#### [HOW TO COMPLETE THIS TASK]
A line below contains "Hoyer Autohof Cloppenburger", and a later one contains "Jan Lockett marks". Repeat both, with every line between them, exactly.
──────── DATA UNDER STUDY ────────
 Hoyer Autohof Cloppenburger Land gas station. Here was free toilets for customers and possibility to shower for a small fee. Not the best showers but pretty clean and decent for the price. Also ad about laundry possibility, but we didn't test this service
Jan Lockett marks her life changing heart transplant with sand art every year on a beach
────────
──────── DATA UNDER STUDY ────────
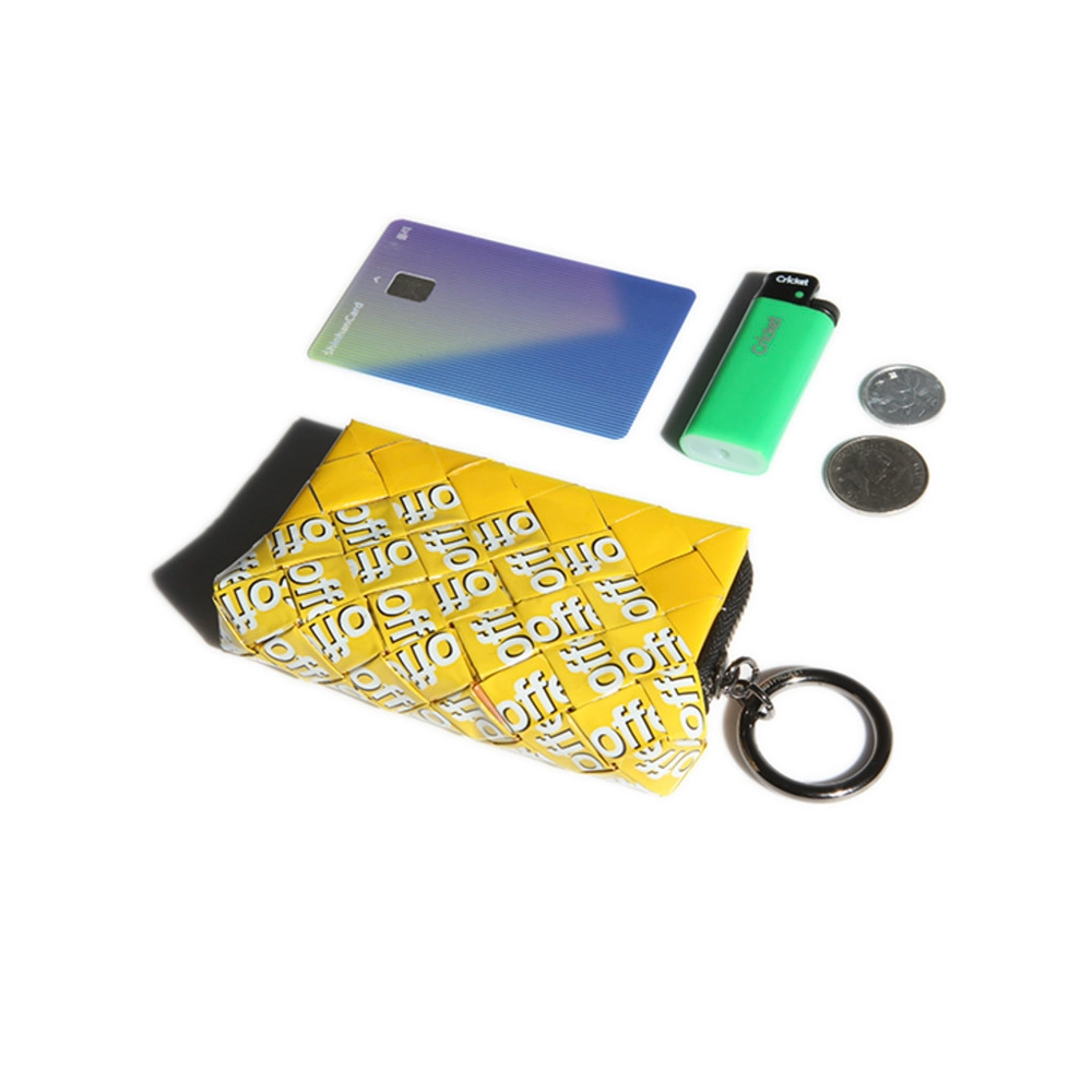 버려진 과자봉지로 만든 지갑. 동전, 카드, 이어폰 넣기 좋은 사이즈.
────────
#### [RESPONSE TO THIS TASK]
 Hoyer Autohof Cloppenburger Land gas station. Here was free toilets for customers and possibility to shower for a small fee. Not the best showers but pretty clean and decent for the price. Also ad about laundry possibility, but we didn't test this service
Jan Lockett marks her life changing heart transplant with sand art every year on a beach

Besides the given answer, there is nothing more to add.